*** Opening Data under study ***

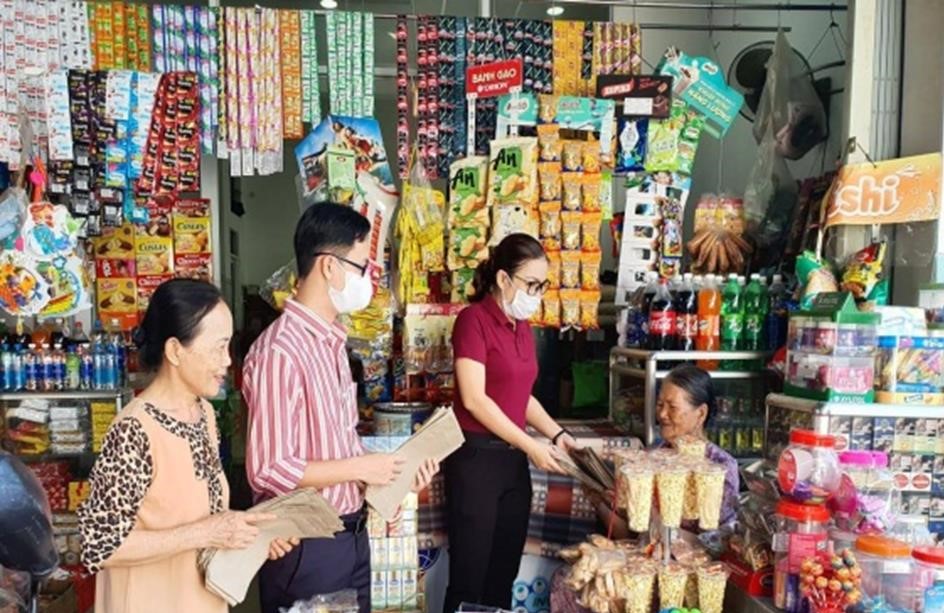 Bà Nguyễn Thị Cẩm Nhung cùng Đoàn TN và Ban CTMT tuyên truyền, hướng dẫn các tiểu thương làm và sử dụng túi giấy
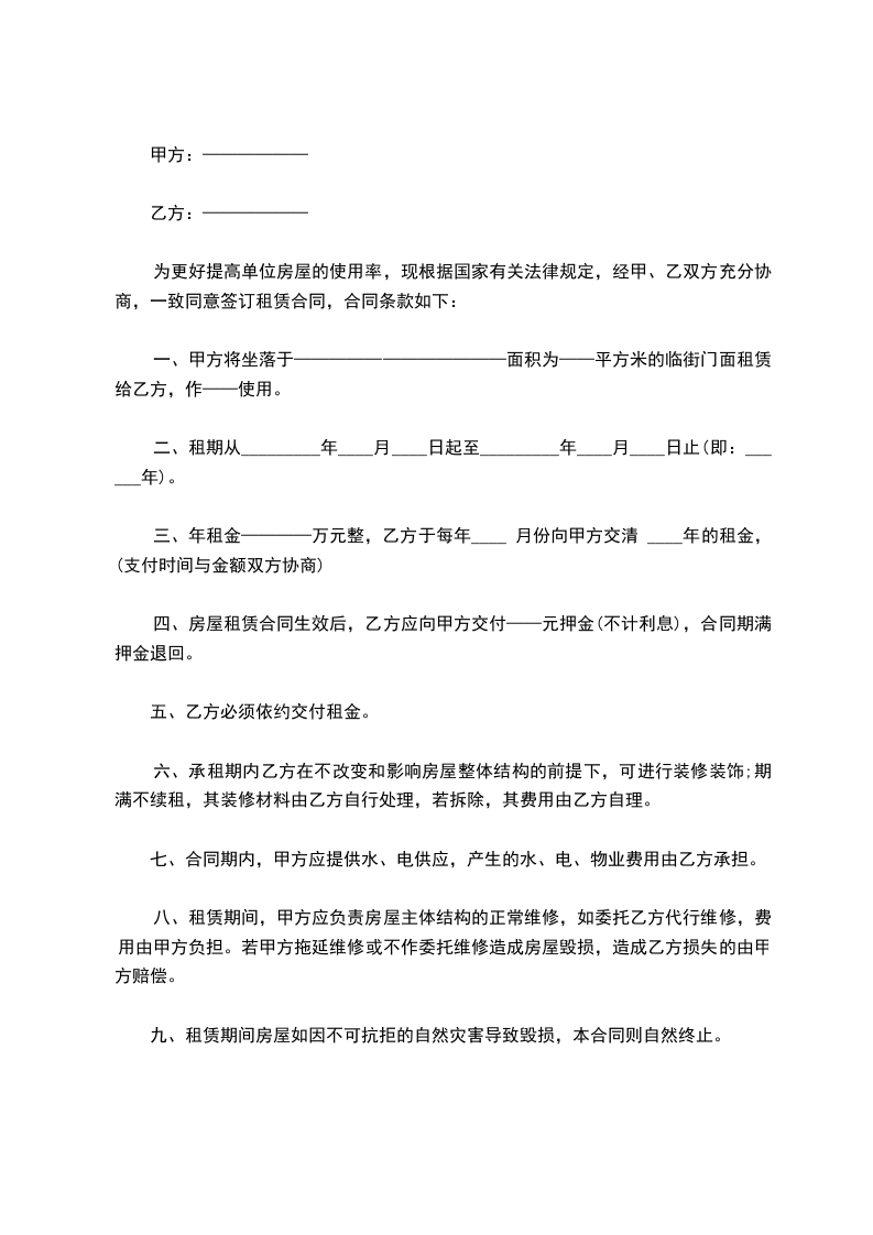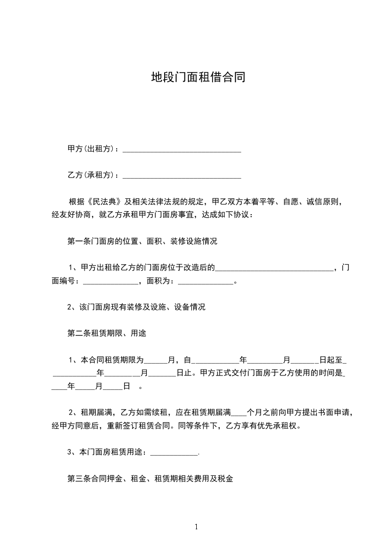 根据《民法典》及相关法律法规的规定,甲乙双方本着平等、自愿、诚信原则,经友好协商,就乙方承租甲方门面房事宜,达成如下协议:
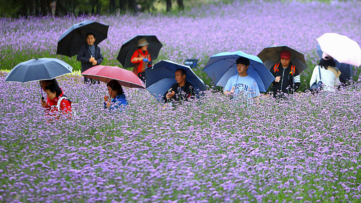 11일 강원 인제군 북면 용대관광지 일원에서 열리고 있는 '제7회 인제 가을꽃 축제'에서 관광객들이 궂은 날씨에도 아랑곳하지 않고 꽃길을 걸으며 가을 정취를 만끽하고 있다. 사진제공=인제군
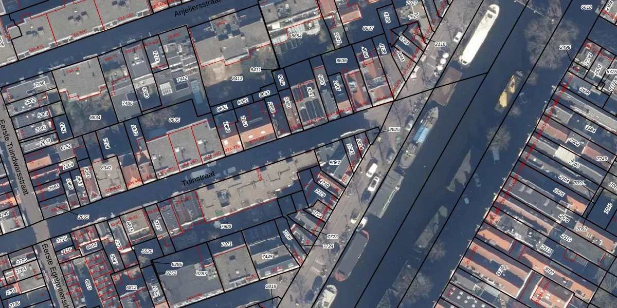 Het adres is gelegen op perceel 7988 in de sectie L en de kadastrale gemeente Amsterdam. De kadastrale aanduiding is aldus ASD08-L-7988. De oppervlakte van het perceel is 773 m². Dat is groter dan gemiddeld in Amsterdam, waar de gemiddelde perceeloppervlakte op 202,23 m² ligt. De grootste perceeloppervlakte in de kadastrale gemeente is 3,3 ha. De kleinste oppervlakte bedraagt 0 m². Er zijn 18 adressen aanwezig op het perceel. De huidige grenzen van het perceel zijn digitaal in de Basisregistratie Kadaster (BRK) geregistreerd op 24-01-2007.
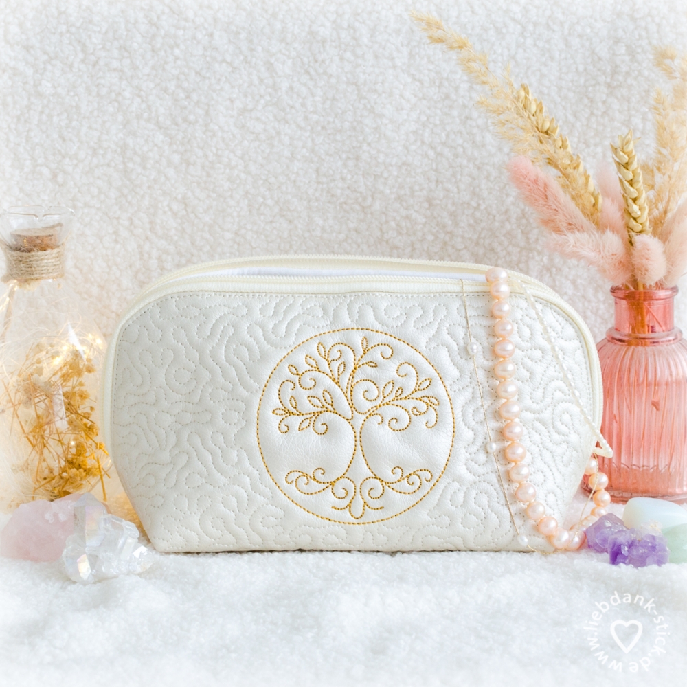 Diese hübsche Kosmetiktasche wird teilweise mit der Stickmaschine angefertigt und am Schluss mit der Nähmaschine genäht. Eine Schritt für Schritt Anleitung ist dabei.
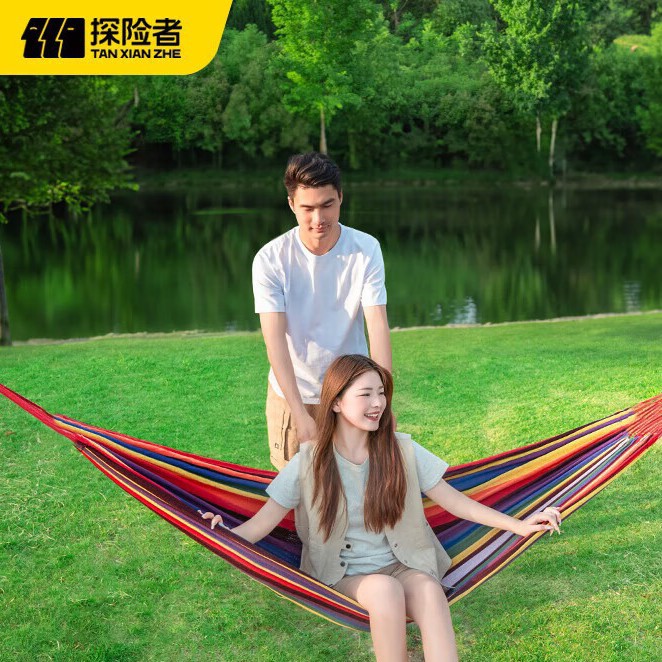 Kanvas Dua Orang Tanpa Tongkat Kayu Tempat Tidur Gantung Tunggal Berkemah Luar Ruangan Anak Dalam Ruangan Ayunan Ekstra Tebal Garis-Garis Anti Balik
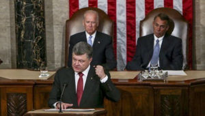 Порошенко также призвал США продолжать усиливать санкции "против агрессора". Он подчеркнул, что "украинская война... это война за свободу демократии, европейских ценностей". По версии Порошенко, украинская нация сделала выбор в пользу свободы и демократии, а "другая нация решила наказать Украину за такие шаги". И мир такого поведения не может допустить.
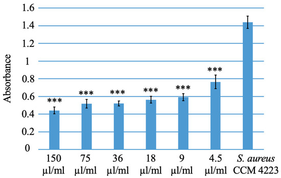 The antibacterial activity of PVP-I against Escherichia coli CCM 3954 and Staphylococcus aureus CCM 4223 was tested spectrophotometrically using a serial dilution method in microtiter plates, measuring absorbance with a Biotek Synergy 2 instrument. All used iodine concentrations exhibited significant antibacterial effects against Escherichia coli CCM 3954 compared to the control (Figure 8) and also against Staphylococcus aureus CCM 4223 (Figure 9).
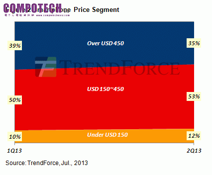 TrendForce預估,今年第三季中階智慧型手機出貨量約為一億三千萬台,季度成長8.6%,占智慧型手機總體出貨比重維持在五成以上,因此對於手機廠商來說,想要擴張品牌手機市占率,中階手機產品廝殺將是難以迴避的戰場。目前觀察到Android手機陣營如三星、SONY、hTC、LG等眾多國際知名品牌都將陸續在第三季推出多款中階機種以爭取消費者青睞,在智慧型手機越來越普及的今日,中價位產品將左右手機廠商在整體市場的市占率。
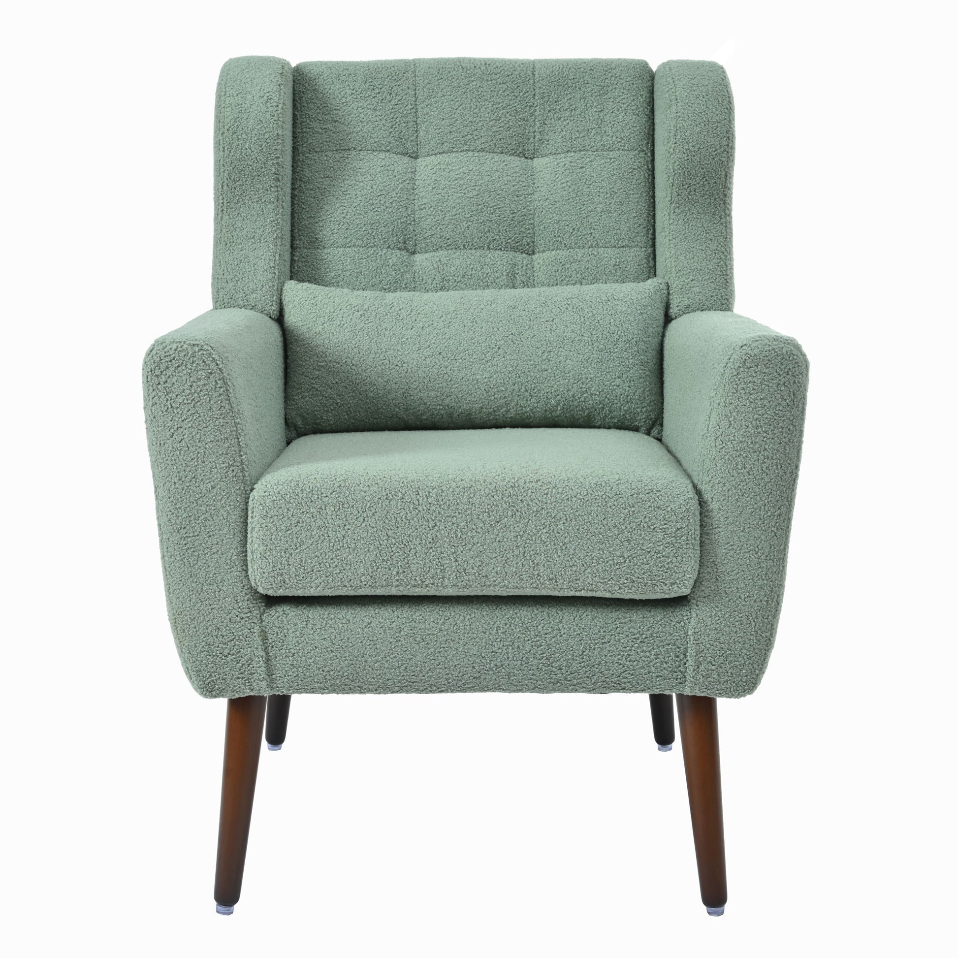 Modern Accent Chair, Teddy Fabric Living Room Chairs Comfy Reading Chair, Mid Century Accent Chair, Lounge Arm Chairs Armchair For Living Room Bedroom - Light Green
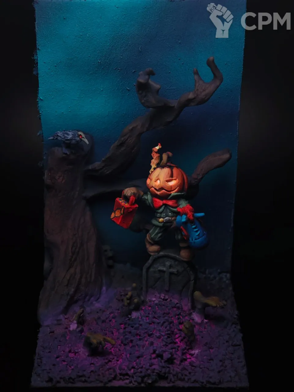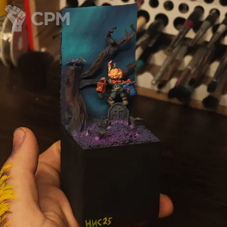 Винеточка для Pumpkin Panic контекста. Модель headless halfling (альт гильдейской эффиги) поднимает мертвецов при помощи конфет :)
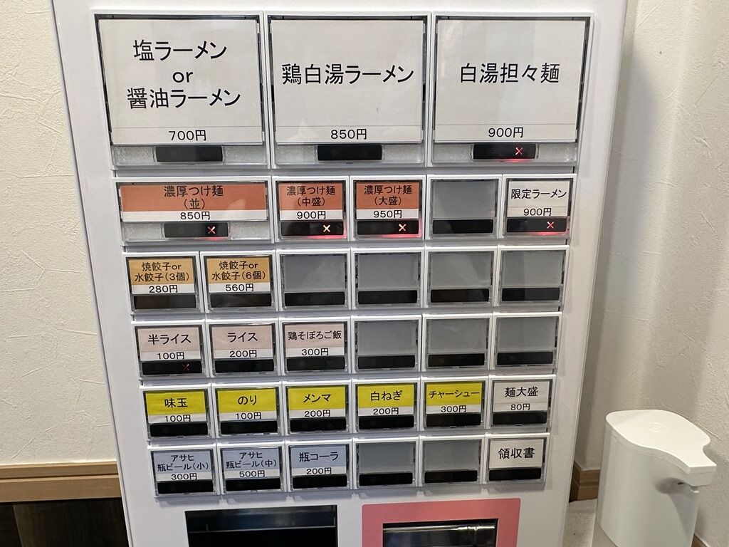 入店するとまず券売機で食券購入です。主なメニューは、塩ラーメン・醤油ラーメン700円、鶏白湯ラーメン850円、白湯担々麺900円(昼営業のみ)、濃厚つけ麺(並)850円、他。基本メニューが700円からとは良心的。訪店時、「濃厚つけ麺」と昼のみの「白湯担々麺」は準備中。
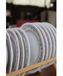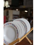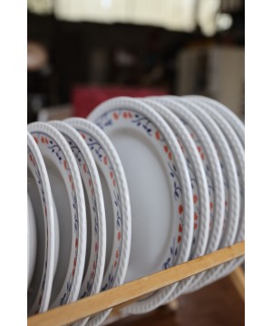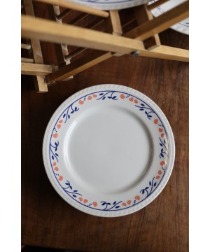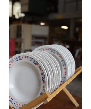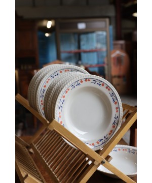 Avec son motif délicat de petites fleurs rouges et feuillage bleu, ce service apporte une touche chaleureuse et rétro à vos repas du quotidien comme à vos grandes occasions. Idéal pour les amateurs de vaisselle ancienne, de style vintage campagnard ou pour compléter une belle table de brocante.
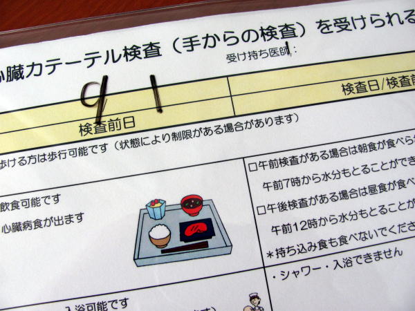 心臓カテーテル検査の手順は、手首からカテーテルを挿入し造影剤で状態を見るようだが必ずしも簡単な(安心な)検査ではないようでちょっと不安。
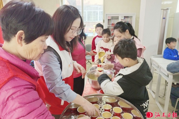 汕尾日报讯 (记者 沈绿洋) 春节前,海丰县海城镇南门社区新时代文明实践站暖意融融、香气氤氲,洁白的面粉、绵密的红糖、亮眼的模具整齐摆放,一场充满年味与烟火气的传统手艺制作活动热闹上演。志愿者们变成“手艺老师”,耐心细致地指导孩子们搅面、拌浆、倒模,每一个步骤都讲解得清清楚楚。孩子们认真专注、跃跃欲试,小手搅、拌、倒,一个个饱满、规整的发粿胚子在孩子们的巧手中慢慢完成。
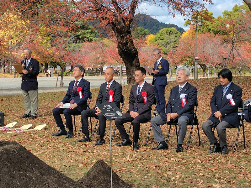 出席者の見守る中、静岡市都市局長の杉山様、会長L浅場、実行委員長L佐塚により植樹式(砂かけ)が行われ、桜の木「神代曙(じんだいあけぼの)」が美しい花を咲かせることを願いました。
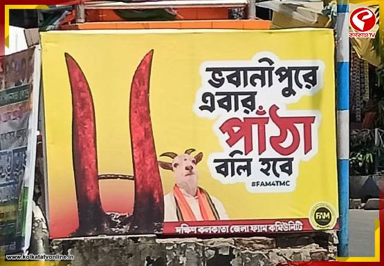 সম্প্রতি ভবানীপুরে একটি ব্যানার ঘিরে চর্চা তুঙ্গে। সেখানে লেখা, ‘ভবানীপুরে এবার পাঁঠাবলি হবে’। ব্যানারটির নিচে ‘দক্ষিণ কলকাতা ফ্যাম কমিউনিটি’-র নাম উল্লেখ রয়েছে। ব্যানারের পাশে একটি হাঁড়িকাঠের ছবি এবং তার সঙ্গে একটি পাঁঠার মুখ ব্যবহার করা হয়েছে। অভিযোগ উঠেছে, সেই পাঁঠার মুখটি বিরোধী দলনেতা শুভেন্দু আধিকারীর মুখের আদলে তৈরি।
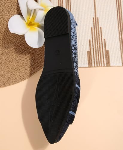 Women's Flats Pointed Toe Bow Knit Ballet Flat Shoes Comfortable Dressy Mesh Slip On Ballerina Flats for Women
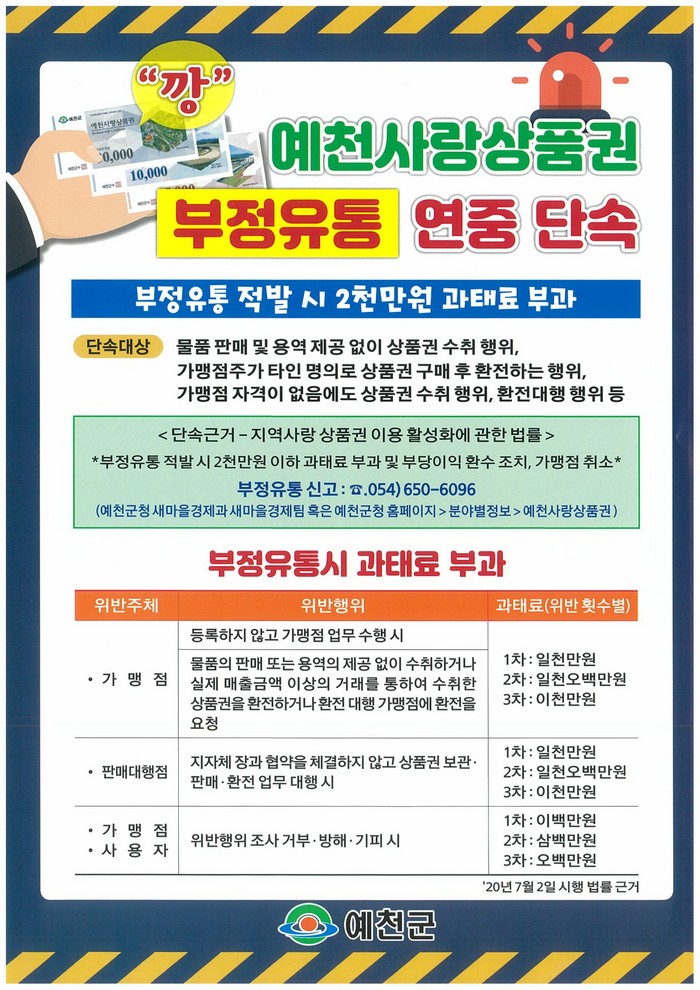 | ▲ 예천군 예천사랑상품권 부정유통 단속 안내. (사진=예천군) |

*** Closing Data under study ***

■ Exercise
Please copy the records above word for word, leaving out every picture.

■ Exercise answer
 Bà Nguyễn Thị Cẩm Nhung cùng Đoàn TN và Ban CTMT tuyên truyền, hướng dẫn các tiểu thương làm và sử dụng túi giấy
 根据《民法典》及相关法律法规的规定,甲乙双方本着平等、自愿、诚信原则,经友好协商,就乙方承租甲方门面房事宜,达成如下协议:
 11일 강원 인제군 북면 용대관광지 일원에서 열리고 있는 '제7회 인제 가을꽃 축제'에서 관광객들이 궂은 날씨에도 아랑곳하지 않고 꽃길을 걸으며 가을 정취를 만끽하고 있다. 사진제공=인제군
 Het adres is gelegen op perceel 7988 in de sectie L en de kadastrale gemeente Amsterdam. De kadastrale aanduiding is aldus ASD08-L-7988. De oppervlakte van het perceel is 773 m². Dat is groter dan gemiddeld in Amsterdam, waar de gemiddelde perceeloppervlakte op 202,23 m² ligt. De grootste perceeloppervlakte in de kadastrale gemeente is 3,3 ha. De kleinste oppervlakte bedraagt 0 m². Er zijn 18 adressen aanwezig op het perceel. De huidige grenzen van het perceel zijn digitaal in de Basisregistratie Kadaster (BRK) geregistreerd op 24-01-2007.
 Diese hübsche Kosmetiktasche wird teilweise mit der Stickmaschine angefertigt und am Schluss mit der Nähmaschine genäht. Eine Schritt für Schritt Anleitung ist dabei.
 Kanvas Dua Orang Tanpa Tongkat Kayu Tempat Tidur Gantung Tunggal Berkemah Luar Ruangan Anak Dalam Ruangan Ayunan Ekstra Tebal Garis-Garis Anti Balik
 Порошенко также призвал США продолжать усиливать санкции "против агрессора". Он подчеркнул, что "украинская война... это война за свободу демократии, европейских ценностей". По версии Порошенко, украинская нация сделала выбор в пользу свободы и демократии, а "другая нация решила наказать Украину за такие шаги". И мир такого поведения не может допустить.
 The antibacterial activity of PVP-I against Escherichia coli CCM 3954 and Staphylococcus aureus CCM 4223 was tested spectrophotometrically using a serial dilution method in microtiter plates, measuring absorbance with a Biotek Synergy 2 instrument. All used iodine concentrations exhibited significant antibacterial effects against Escherichia coli CCM 3954 compared to the control (Figure 8) and also against Staphylococcus aureus CCM 4223 (Figure 9).
 TrendForce預估,今年第三季中階智慧型手機出貨量約為一億三千萬台,季度成長8.6%,占智慧型手機總體出貨比重維持在五成以上,因此對於手機廠商來說,想要擴張品牌手機市占率,中階手機產品廝殺將是難以迴避的戰場。目前觀察到Android手機陣營如三星、SONY、hTC、LG等眾多國際知名品牌都將陸續在第三季推出多款中階機種以爭取消費者青睞,在智慧型手機越來越普及的今日,中價位產品將左右手機廠商在整體市場的市占率。
 Modern Accent Chair, Teddy Fabric Living Room Chairs Comfy Reading Chair, Mid Century Accent Chair, Lounge Arm Chairs Armchair For Living Room Bedroom - Light Green
 Винеточка для Pumpkin Panic контекста. Модель headless halfling (альт гильдейской эффиги) поднимает мертвецов при помощи конфет :)
 入店するとまず券売機で食券購入です。主なメニューは、塩ラーメン・醤油ラーメン700円、鶏白湯ラーメン850円、白湯担々麺900円(昼営業のみ)、濃厚つけ麺(並)850円、他。基本メニューが700円からとは良心的。訪店時、「濃厚つけ麺」と昼のみの「白湯担々麺」は準備中。
 Avec son motif délicat de petites fleurs rouges et feuillage bleu, ce service apporte une touche chaleureuse et rétro à vos repas du quotidien comme à vos grandes occasions. Idéal pour les amateurs de vaisselle ancienne, de style vintage campagnard ou pour compléter une belle table de brocante.
 心臓カテーテル検査の手順は、手首からカテーテルを挿入し造影剤で状態を見るようだが必ずしも簡単な(安心な)検査ではないようでちょっと不安。
 汕尾日报讯 (记者 沈绿洋) 春节前,海丰县海城镇南门社区新时代文明实践站暖意融融、香气氤氲,洁白的面粉、绵密的红糖、亮眼的模具整齐摆放,一场充满年味与烟火气的传统手艺制作活动热闹上演。志愿者们变成“手艺老师”,耐心细致地指导孩子们搅面、拌浆、倒模,每一个步骤都讲解得清清楚楚。孩子们认真专注、跃跃欲试,小手搅、拌、倒,一个个饱满、规整的发粿胚子在孩子们的巧手中慢慢完成。
 出席者の見守る中、静岡市都市局長の杉山様、会長L浅場、実行委員長L佐塚により植樹式(砂かけ)が行われ、桜の木「神代曙(じんだいあけぼの)」が美しい花を咲かせることを願いました。
 সম্প্রতি ভবানীপুরে একটি ব্যানার ঘিরে চর্চা তুঙ্গে। সেখানে লেখা, ‘ভবানীপুরে এবার পাঁঠাবলি হবে’। ব্যানারটির নিচে ‘দক্ষিণ কলকাতা ফ্যাম কমিউনিটি’-র নাম উল্লেখ রয়েছে। ব্যানারের পাশে একটি হাঁড়িকাঠের ছবি এবং তার সঙ্গে একটি পাঁঠার মুখ ব্যবহার করা হয়েছে। অভিযোগ উঠেছে, সেই পাঁঠার মুখটি বিরোধী দলনেতা শুভেন্দু আধিকারীর মুখের আদলে তৈরি।
 Women's Flats Pointed Toe Bow Knit Ballet Flat Shoes Comfortable Dressy Mesh Slip On Ballerina Flats for Women
 | ▲ 예천군 예천사랑상품권 부정유통 단속 안내. (사진=예천군) |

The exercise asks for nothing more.